SUPPLIED RECORDS ▸
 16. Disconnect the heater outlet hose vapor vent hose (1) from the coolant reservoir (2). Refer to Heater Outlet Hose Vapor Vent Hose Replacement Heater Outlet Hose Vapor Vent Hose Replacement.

---

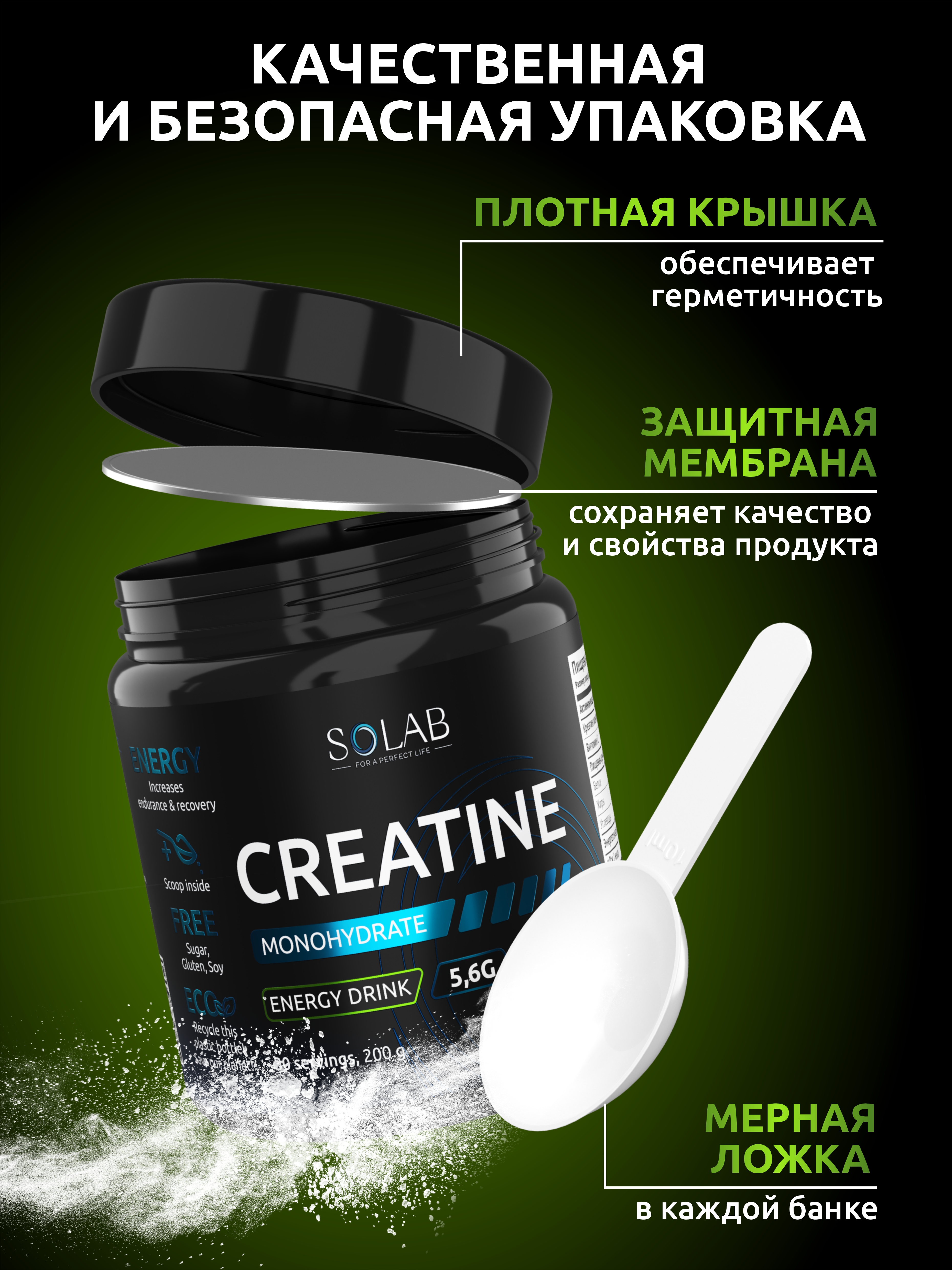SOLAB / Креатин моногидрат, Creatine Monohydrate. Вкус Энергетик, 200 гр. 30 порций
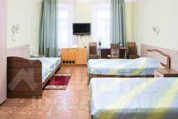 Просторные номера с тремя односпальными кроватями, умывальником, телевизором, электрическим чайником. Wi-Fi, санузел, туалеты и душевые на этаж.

WHAT IS EXPECTED ▸ Give back exactly, and solely, the section of the data above bounded by the line containing "SOLAB / Креатин" and the line containing "Просторные номера с", both bounding lines included and pictures omitted.

YOUR SOLUTION ▸
SOLAB / Креатин моногидрат, Creatine Monohydrate. Вкус Энергетик, 200 гр. 30 порций
 Просторные номера с тремя односпальными кроватями, умывальником, телевизором, электрическим чайником. Wi-Fi, санузел, туалеты и душевые на этаж.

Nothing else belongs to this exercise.